REQUIREMENT:
All pictures must be left out as you transcribe the lines from the first line of the data to the line containing "Em uma outra", both included.

• • • • • • •

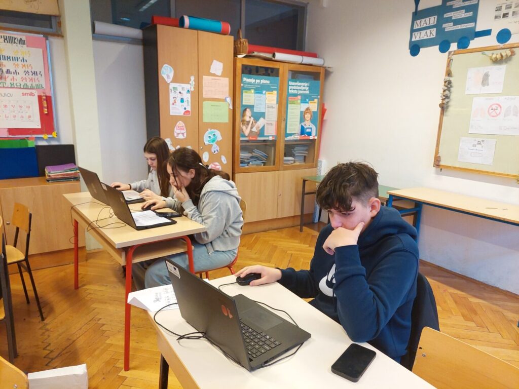 Učenici su se upoznali i s natjecateljskom igrom Glagomatika koju su zainteresirano uvježbavali. Danas su, ujedno, učenici 8. b razreda — Ela, Antonio, Benjamin i Magdalena — sudjelovali na natjecanju Glagomatika te ostvarili izvrsne rezultate. Oni su već iskusni sudionici ovog natjecanja, a šestaši će, čini se, uskoro krenuti njihovim stopama.
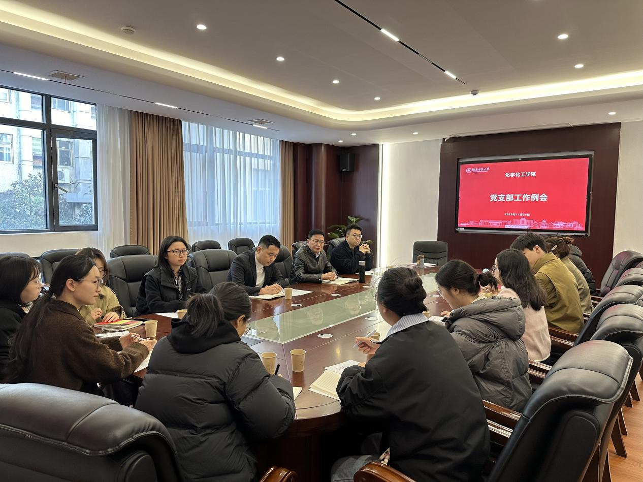 2025年11月26日上午,化学化工学院党支部工作例会在化学楼206会议室召开。学院党委书记、副书记、党委委员及各党支部书记参加会议。会议由学院党委副书记周子虬主持。
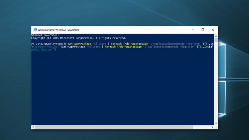 1. Debes ingresar este comando: Get-AppxPackage -AllUsers | Foreach {Add-AppxPackage -DisableDevelopmentMode -Register “$ ($ _ installLocation.) \AppXManifest.xml”}.
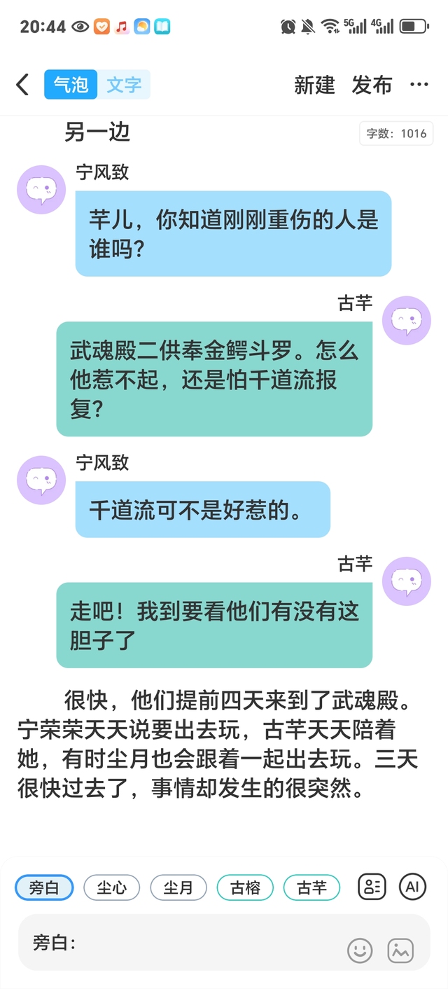 第四天,古芊因要跟宁风致谈论明天如果武魂殿用强来逼迫各大宗门怎么办,让尘月和两位爷爷陪宁荣荣。可刚谈到一半,尘月跑了回来,古芊一见只有她跑了回来。
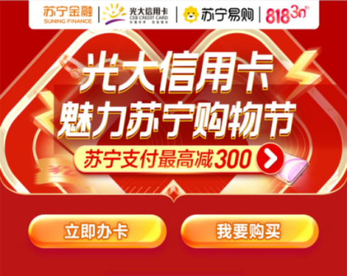 据了解,今年是苏宁与光大银行战略合作1周年。818期间,双方联合推出重磅福利:用苏宁支付绑光大信用卡购买指定家电3C产品最高立减300元,在线上线下多场景送千万优惠。
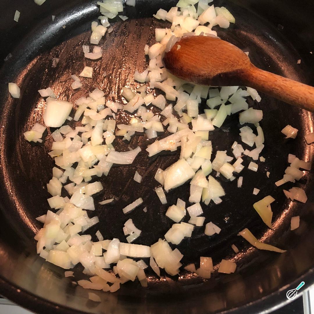 Em uma outra panela, refogue a cebola em um pouco de azeite.
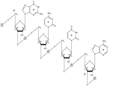 Figure 1- Showing an RNA fragment, the ribonucleotides are linked together by 3′-5′ phosphodiester linkages. Ribose is the principal sugar in RNA
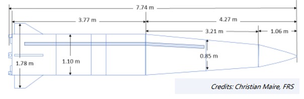 Approximated measurements for the KN-23, likewise called the Hwasong-11A. Source: Christian Maire, FRS
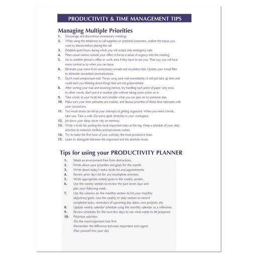 Heavy-duty, textured poly cover. Ruled daily blocks for precise notations plus countdown of days passed and days to come. Includes 12 ruled notes p...
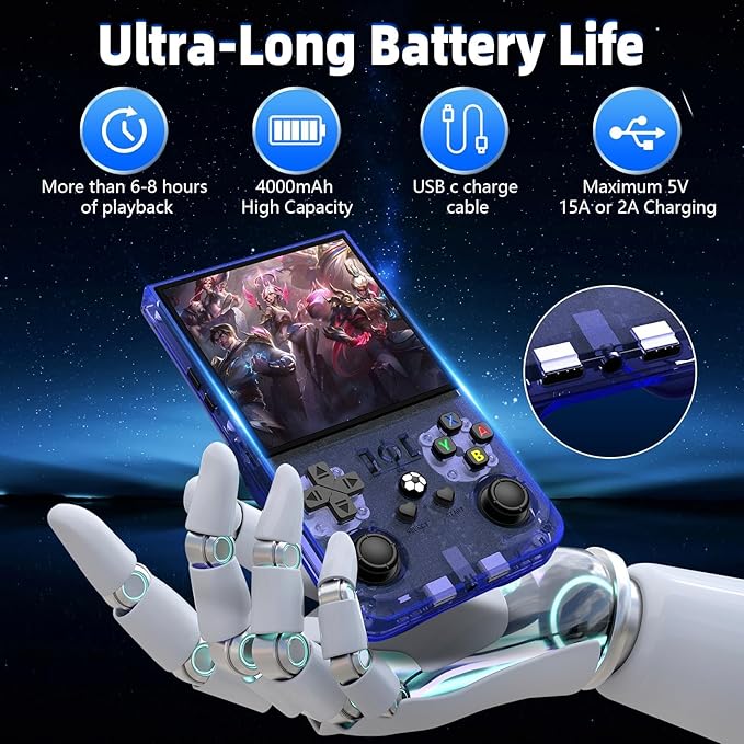 - 【Portable Design with 4000mAh Battery】-Designed for portability, this mini retro game console features a compact and lightweight design. The 4000mAh rechargeable battery offers up to 10 hours of playtime, making it perfect for gaming on the go. It also includes built-in speakers and a 3.5mm headphone jack for an immersive audio experience.
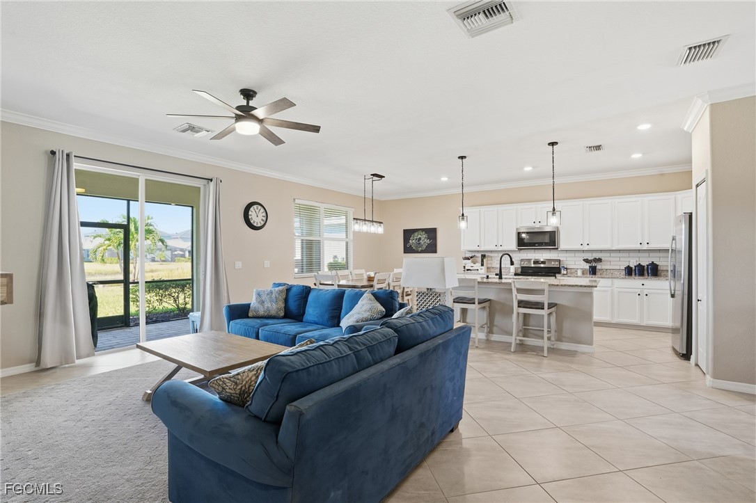 Step into one of the most exciting opportunities in Orange Blossom Ranch. This upgraded Amalfi model is now a true five bedroom plus private den home with one of the largest backyards in the entire community and incredible long lake views with glowing rear sunset exposure. This is the lifestyle people move to Naples for.
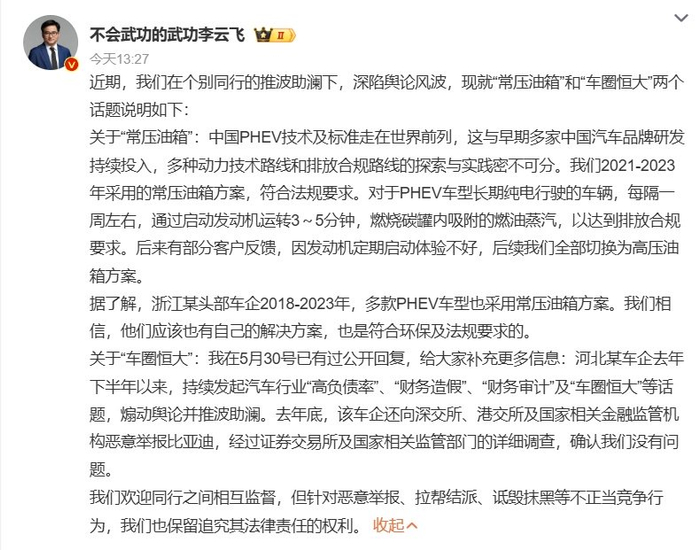 6月8日,比亚迪集团品牌及公关处总经理李云飞发文回应“常压油箱”和“车圈恒大”争议,称常压油箱方案符合法规要求,并已全部切换为高压油箱方案。同时,比亚迪表示河北某车企恶意举报,经调查确认没有问题。
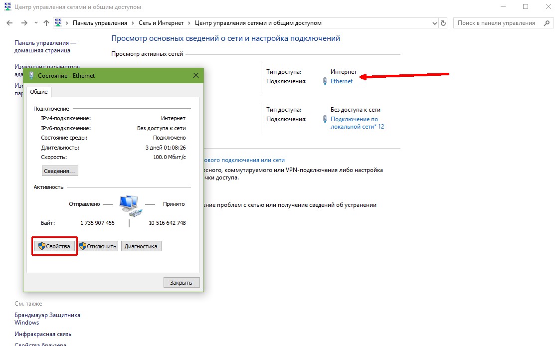 - Щёлкаем по подключению ПК к интернету и в открывшемся окне выбираем «Свойства».

• • • • • • •

RESPONSE AREA:
 Učenici su se upoznali i s natjecateljskom igrom Glagomatika koju su zainteresirano uvježbavali. Danas su, ujedno, učenici 8. b razreda — Ela, Antonio, Benjamin i Magdalena — sudjelovali na natjecanju Glagomatika te ostvarili izvrsne rezultate. Oni su već iskusni sudionici ovog natjecanja, a šestaši će, čini se, uskoro krenuti njihovim stopama.
 2025年11月26日上午,化学化工学院党支部工作例会在化学楼206会议室召开。学院党委书记、副书记、党委委员及各党支部书记参加会议。会议由学院党委副书记周子虬主持。
 1. Debes ingresar este comando: Get-AppxPackage -AllUsers | Foreach {Add-AppxPackage -DisableDevelopmentMode -Register “$ ($ _ installLocation.) \AppXManifest.xml”}.
 第四天,古芊因要跟宁风致谈论明天如果武魂殿用强来逼迫各大宗门怎么办,让尘月和两位爷爷陪宁荣荣。可刚谈到一半,尘月跑了回来,古芊一见只有她跑了回来。
 据了解,今年是苏宁与光大银行战略合作1周年。818期间,双方联合推出重磅福利:用苏宁支付绑光大信用卡购买指定家电3C产品最高立减300元,在线上线下多场景送千万优惠。
 Em uma outra panela, refogue a cebola em um pouco de azeite.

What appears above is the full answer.